• Assigned task: Look at the data below and print exactly the lines from its first line through the line with "dire un mot."; the pictures stay out of the copy.

##########

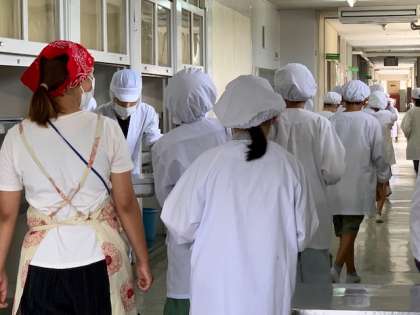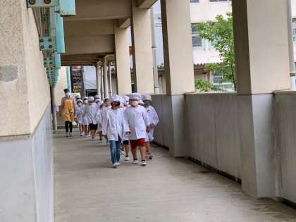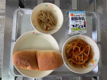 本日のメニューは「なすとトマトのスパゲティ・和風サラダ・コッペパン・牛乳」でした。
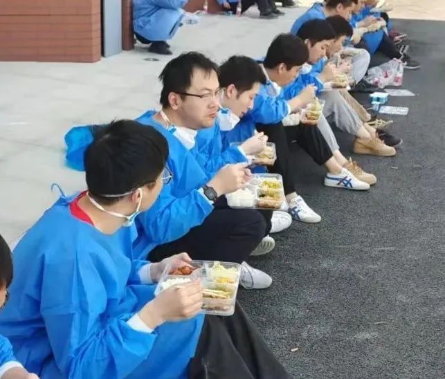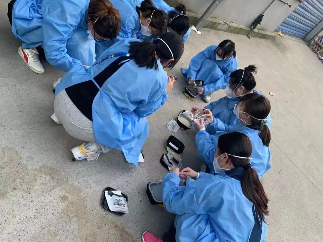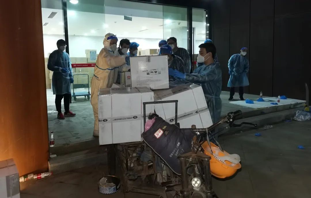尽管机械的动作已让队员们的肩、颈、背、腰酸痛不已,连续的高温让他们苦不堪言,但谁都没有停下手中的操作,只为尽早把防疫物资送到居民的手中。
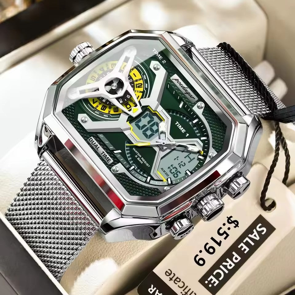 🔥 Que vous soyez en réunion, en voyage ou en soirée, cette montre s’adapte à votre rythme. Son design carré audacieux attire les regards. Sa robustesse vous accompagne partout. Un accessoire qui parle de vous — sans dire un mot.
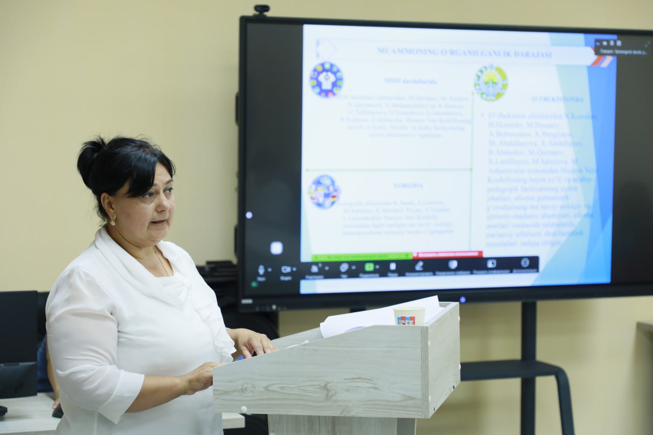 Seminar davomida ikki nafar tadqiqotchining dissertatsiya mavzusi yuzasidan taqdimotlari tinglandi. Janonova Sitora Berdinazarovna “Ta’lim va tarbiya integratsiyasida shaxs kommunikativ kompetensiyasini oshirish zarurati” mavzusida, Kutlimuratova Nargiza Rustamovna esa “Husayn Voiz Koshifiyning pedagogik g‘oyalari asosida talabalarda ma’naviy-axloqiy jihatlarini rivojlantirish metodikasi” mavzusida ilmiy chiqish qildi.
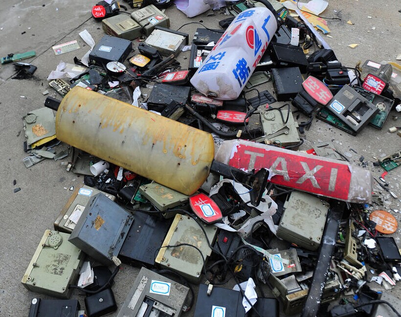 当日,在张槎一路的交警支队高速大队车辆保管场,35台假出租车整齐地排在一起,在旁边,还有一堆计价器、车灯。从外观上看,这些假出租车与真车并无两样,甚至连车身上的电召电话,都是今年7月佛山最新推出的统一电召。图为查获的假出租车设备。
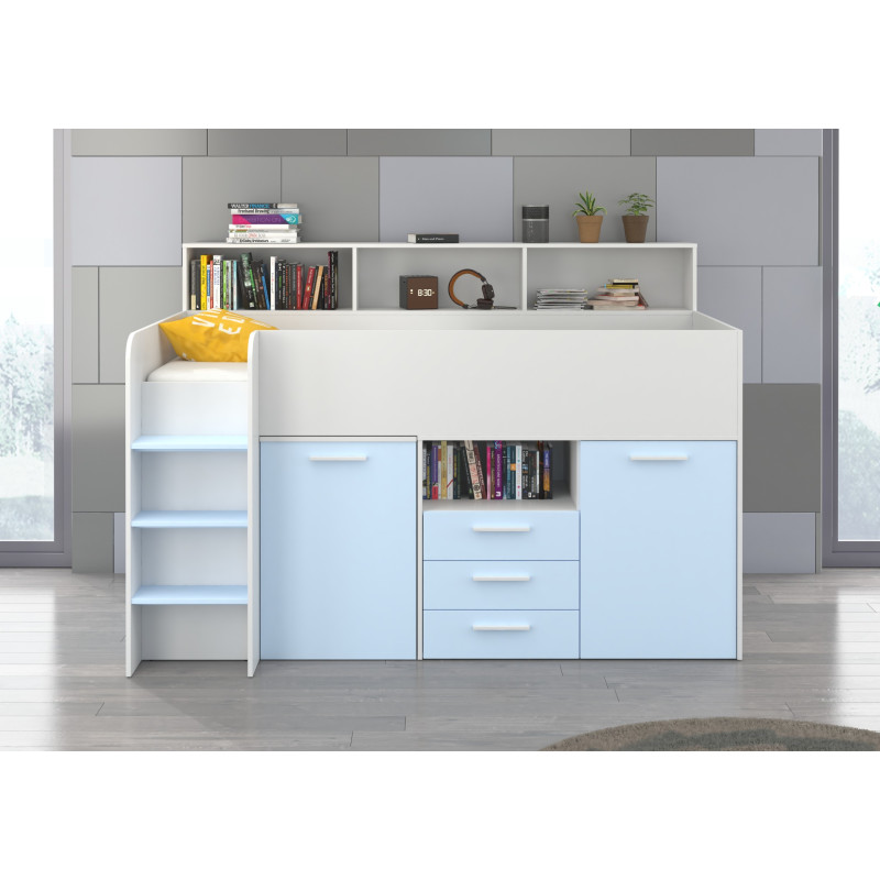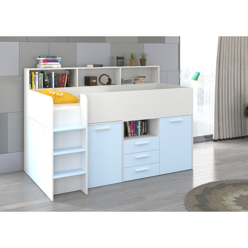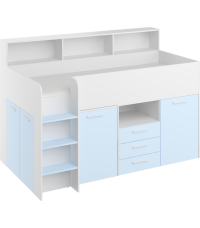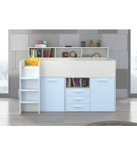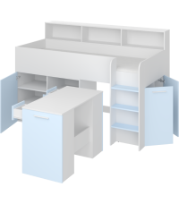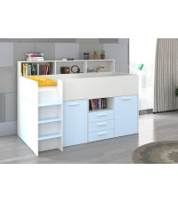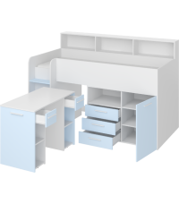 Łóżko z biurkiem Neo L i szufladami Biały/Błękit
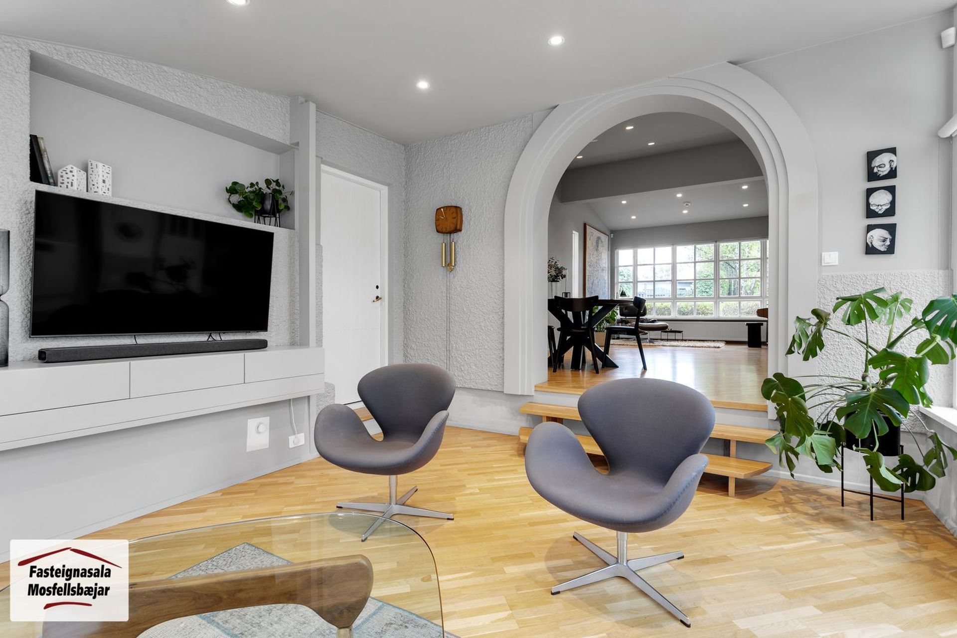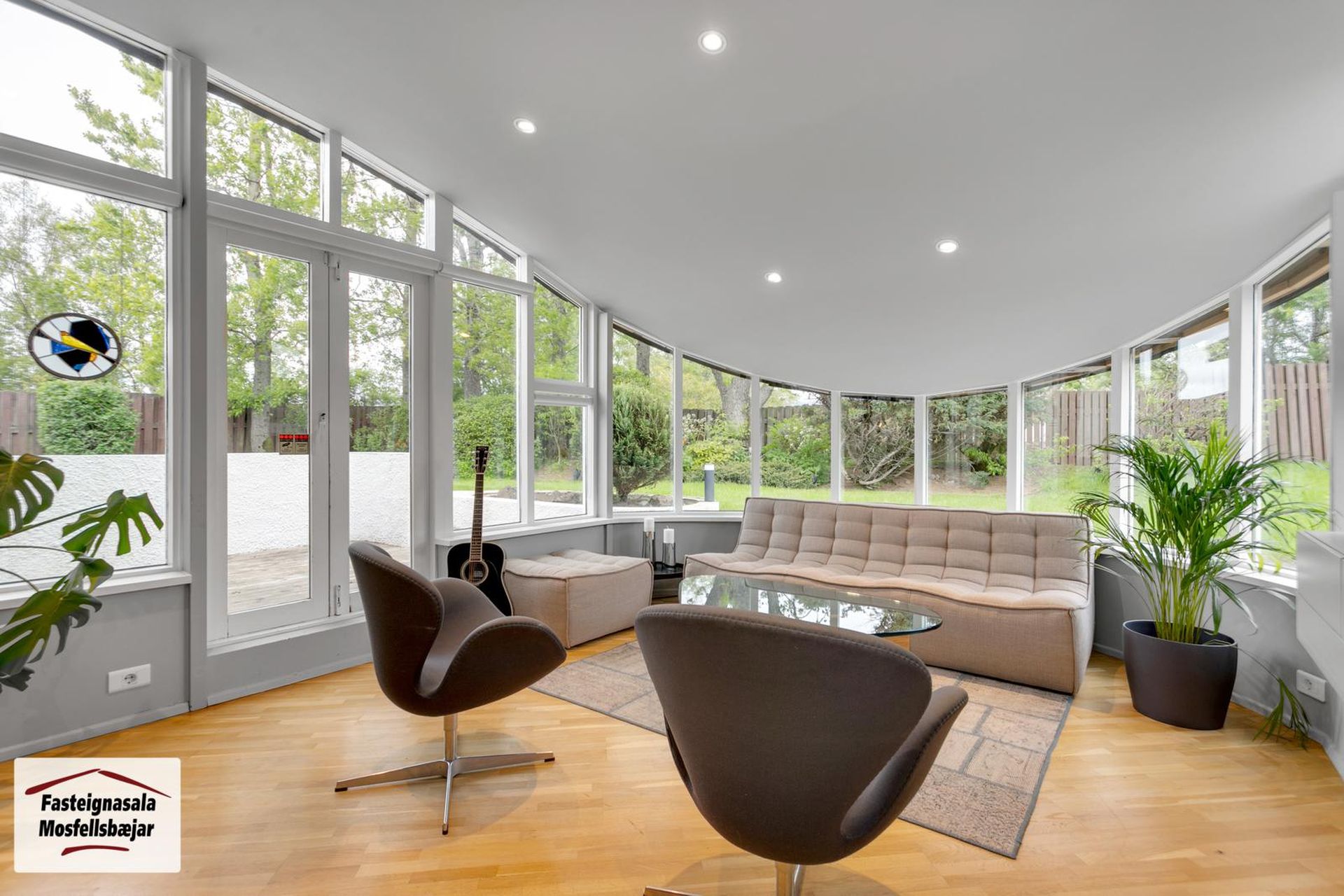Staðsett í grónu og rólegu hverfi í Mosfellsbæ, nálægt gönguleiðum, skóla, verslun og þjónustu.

##########

• Expected output:
 本日のメニューは「なすとトマトのスパゲティ・和風サラダ・コッペパン・牛乳」でした。
尽管机械的动作已让队员们的肩、颈、背、腰酸痛不已,连续的高温让他们苦不堪言,但谁都没有停下手中的操作,只为尽早把防疫物资送到居民的手中。
 🔥 Que vous soyez en réunion, en voyage ou en soirée, cette montre s’adapte à votre rythme. Son design carré audacieux attire les regards. Sa robustesse vous accompagne partout. Un accessoire qui parle de vous — sans dire un mot.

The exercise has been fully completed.